Cardiovascular Outcomes in the Era of Claims Data
Has assessment of cardiovascular outcomes changed in when analysis of claims data is used?
Data from the Cardiovascular Health Study (CHS) were used for the present analysis. Event rates and risk factor associations were compared between adjudicated hospitalized cardiovascular events and claims-based methods of defining events. Specific outcomes examined included myocardial infarction (MI), stroke, and heart failure (HF), and were defined in three ways: 1) the CHS adjudicated event, 2) selected ICD9 diagnostic codes only in the primary position for Medicare claims data from the Center for Medicare and Medicaid Services, and 3) the same selected diagnostic codes in any position.
A total of 28,230 hospitalizations for the 5,888 CHS participants were identified in CHS. Of the 4,344 incident cardiovascular events, 59.0% were first identified by self-report, 57.0% for stroke, and 66.3% for angina. Claims-based methods for defining events (conventional method) had high positive predictive values, but with low sensitivities. The investigators provided an example of the positive predictive value of an ICD9 code of 410.x1 for a new acute MI in the first position, which was 90.6% but this code identified only 53.8% of the incident MIs in total. For CHS adjudicated events for MI, the incidence was 14.9 events per 1,000 person-years, and 8.6 for selected ICD9 diagnostic codes only in the primary position for Medicare claims data from the Center for Medicare and Medicaid Services, and 12.2 for the same selected diagnostic codes in any position.

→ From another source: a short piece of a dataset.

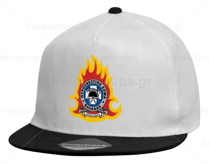 Πυροσβεστικό σώμα Ελλάδος σκούρο, Καπέλο παιδικό Flat Snapback, Λευκό (100% ΒΑΜΒΑΚΕΡΟ, ΠΑΙΔΙΚΟ, UNISEX, ONE SIZE)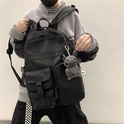 ブラックパソコンバッグ防水スクールバッグ耐摩耗通学リュック韓国ファッションカジュアルズックバッグショルダーバッグレディース買い上げの方にマペットチャームをプレゼント! 母の日 バックパック

For cardiovascular disease risk factor associations, similar findings were observed for all three methods of defining events.
The investigators concluded that use of diagnostic codes from claims data as clinical events can lead to an underestimation of event rates. Additionally, claims-based events data represent a composite endpoint that includes the outcome of interest and selected (misclassified) nonevent hospitalizations.
In the era of big data, comparision of methods to assessment of outcomes is critical. Understanding how to assess outcomes with accuracy will allow investigators to improve quality of care; therefore, improving accuracy of accessment is imperative.